LeanderISD’s internet blocks can be overbearing and block pages necessary for a student’s work. While blocks help students from looking at inappropriate pages, the district overlooks some of the most vulgar sites. Even with the blocks, they are easy to work around.
The school is required by the Children’s Internet Protection Act to block websites that are rightfully inappropriate. The service used by the district can be excessive; blocking websites and videos helpful to students’ research. If a student was researching minimalism in daily life, The Minimalists, a minimalist lifestyle blog, would be a helpful resource. Joshua Fields Millburn and Ryan Nicodemus, creators of The Minimalists, have wrote novels, made TEDx talks, and been featured on popular TV networks like BBC, NBC, and more. Yet, when a student tries to access their article on how minimalists give gifts, they would be treated with the familiar blue screen, citing private websites.
The district also allows students to visit exceptionally inappropriate and vulgar websites. Recently, a Cards Against Humanity clone, featuring obscene and profane language, was found by students. The game allowed students to mix and match crude phrases with curse words and more. Students would play this game in groups with friends during Pride Time, lunch, or in class. The respective website has now been blocked yet equally or even more so inappropriate sites are still allowed. Students have been allowed to visit vendors like Amazon and eBay, but can also access adult stores.

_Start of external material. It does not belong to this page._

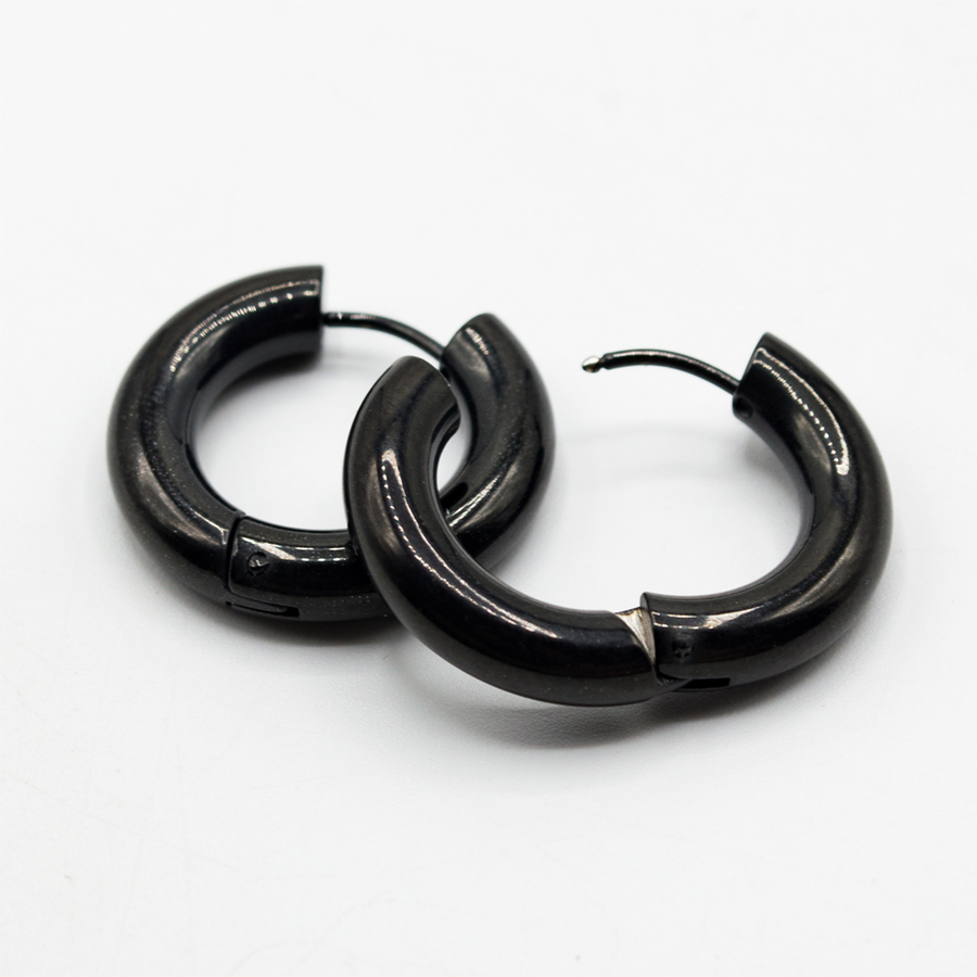 Серьга-кольцо (ea-113) хард-обманка утолщенная (титан, черный, диаметр 14/24мм)

The district’s system is very easy to work around to access blocked websites. It can be as simple as opening a different browser, adding a letter to a URL, or going through a proxy website. This isn’t news, a simple search on the school’s wifi leads to 51,500,000 results on how to bypass the restrictions.
There are ways to unblock websites which require going through the IT department. The process to unblock a single website, unknown to many students, is too tedious for most people to go through, even if the website is essential to their research. The process of getting a website unblocked would have to be streamlined to ever be a solution.
Overall, the district’s service for blocking websites is inefficient and downright annoying. Resourceful websites, crucial to student’s work, can be restricted, which is why students use easy work arounds to not only access websites unrightfully restricted, but websites that are blocked for a reason. The district’s service for blocking websites is unreasonable and needs to be overhauled to be efficient.